One of the most legitimate concerns with poultry involves its fatty acid profile. Poultry is the richest source of omega-6 out of any animal food: conventional chicken fat is almost 20% omega-6 as a percent of total energy, which is more than canola oil (19% omega-6) and not too far behind peanut butter (22.5%)! In fact, chicken contributes an average of 13% of the omega-6 content to the average American diet! (For a refresher on why we don’t want astronomical omega-6 intakes, check out “What About Fat?” and “Why Vegetable Oils are Bad”)
And, simply giving poultry access to the outdoors (which allows the meat to be labeled free-range) isn’t always enough to turn the fatty acid tables. Research focusing on the effects of different poultry farming methods (caged versus free-range) and diets (conventional, organic, or pasture access) have had mixed results, and suggest the labeling we associate with higher-quality chicken doesn’t guarantee a better fatty acid profile for the bird. Some studies of cereal-fed chickens with or without access to pasture show no difference in the omega-6/omega-3 ratio, unless the birds have their intake of cereal grains deliberately restricted (which sometimes increases their levels of the omega-3 fats eicosapentaenoic acid, docosapentaenoic acid, and docosahexaenoic acid). Likewise, chickens that pasture-graze in the spring (but not other seasons!) tend to have higher levels of omega-3 fats in their meat. And, some studies of free-range versus conventional chickens have shown that free-range breast and thigh meat have a higher omega-6/omega-3 ratio than the same meat from conventionally raised chickens!
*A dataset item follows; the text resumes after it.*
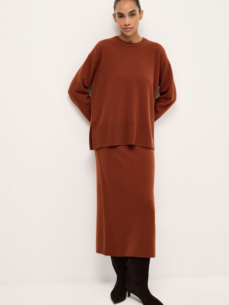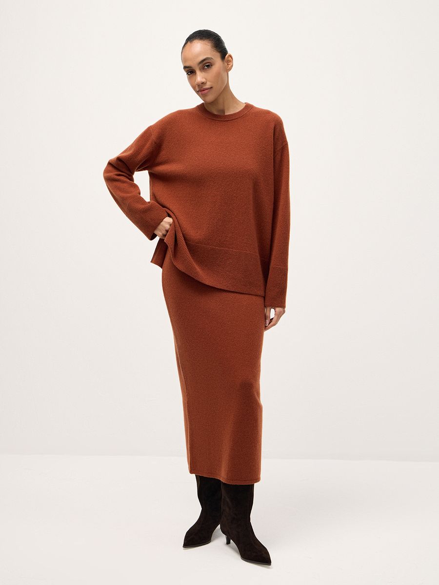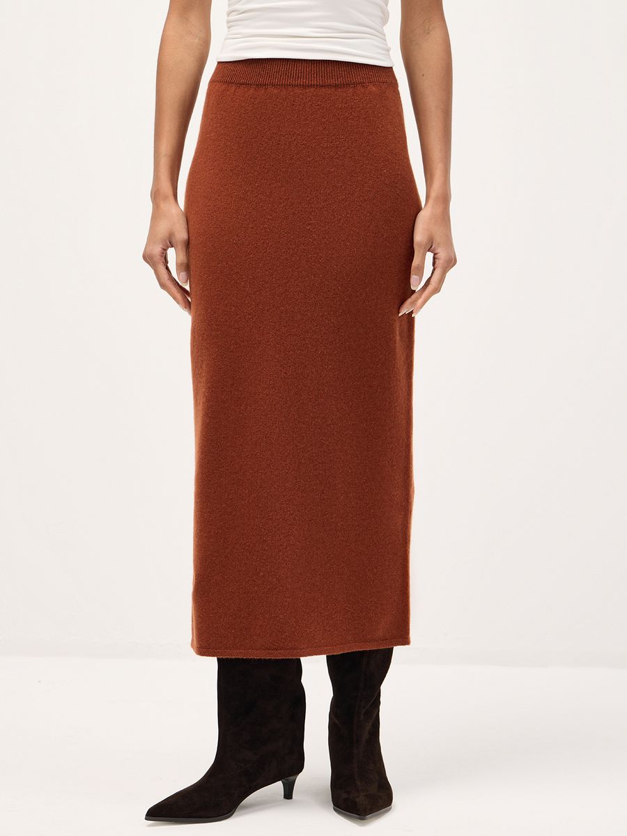 Юбка Merino Wool создана, чтобы наслаждаться холодным сезоном без компромиссов между женственными образами и комфортом. Выбираем модель за ее лаконичный крой с мягкой резинкой на талии, длину midi и роскошную пряжу из шерсти австралийского мериноса. Собираем выразительный терракотовый комплект с джемпером, идеально сочетающийся с любыми планами: от деловой встречи в офисе до размеренной воскресной прогулки.

What does seem to make a difference isn’t so much the “free range” or “conventional” distinction, but other particulars of the birds’ diets. One report by the American Pastured Poultry Producers Association found that among pastured chickens, those that were fed soy-containing diets had an omega 6/3 ratio of 8 to 1, while those fed soy-free diets had a much-improved ratio of only 3 to 1. (For comparison, a chicken labeled “organic free-range” had a ratio of 11.6 to 1, and a chicken labeled “non-organic free range” had a ratio of 11.3 to 1.) Studies of turkey have shown similar omega 6/3 patterns related to diet and forage access.
Unfortunately, that level of dietary detail isn’t usually available on meat labels at the store (though befriending the local poultry vendor at the farmers market is one way to get the scoop!). But, here’s the good news: reducing our omega-6 content from poultry doesn’t require knowing every detail of the bird’s life. In general, leaner meat (particularly breast) is going to have less omega-6 than fattier poultry parts (like legs and wings), and the skin—even though it’s pretty delicious!—is a highly concentrated fat source. Choosing lean poultry and removing the skin will automatically reduce our omega-6 intake, regardless of how the birds were raised and fed.
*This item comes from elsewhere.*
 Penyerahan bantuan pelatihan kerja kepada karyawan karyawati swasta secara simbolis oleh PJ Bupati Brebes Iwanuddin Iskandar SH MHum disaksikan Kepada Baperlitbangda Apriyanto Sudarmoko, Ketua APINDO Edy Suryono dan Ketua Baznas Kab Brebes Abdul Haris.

Apart from fatty acid content, how does poultry measure up to other meat sources on the micronutrient front? Although the exact nutritional profile depends on the specific cut of poultry meat, which bird we’re eating (chicken, turkey, duck, geese, pheasant, and so forth all have slightly different nutritional profiles), and what the birds were fed, we can still get a ballpark idea by comparing poultry to other meat of similar quality. For example, let’s look at 100 g of conventional chicken breast and 100 g of conventional top round beef:
Graphically, here’s what these numbers look like:
As we can see, beef is the clear winner when it comes to iron, zinc, and vitamin B12, but chicken actually comes out ahead for niacin and vitamin B6, and many of the other nutrients are comparable between these two meat sources. But, what about other meats? Here’s chicken side-by-side with another Paleo favorite, pork chops!
Again, graphically, here’s what these numbers look like:
Pork is a much better source of selenium and thiamin, but chicken wins for niacin, and is relatively neck-and-neck with pork for most other nutrients.
So, we can safely say that when it comes to vitamins and minerals, chicken (and poultry in general) is far from empty calories! In particular, poultry’s high concentration of niacin can assist with energy production (as well as digestive, skin, and nervous system health); its vitamin B6 content helps the body manufacture neurotransmitters; its phosphorus plays a big role in skeletal health; and its selenium helps maintain thyroid function and protect against free radical damage. Not too shabby!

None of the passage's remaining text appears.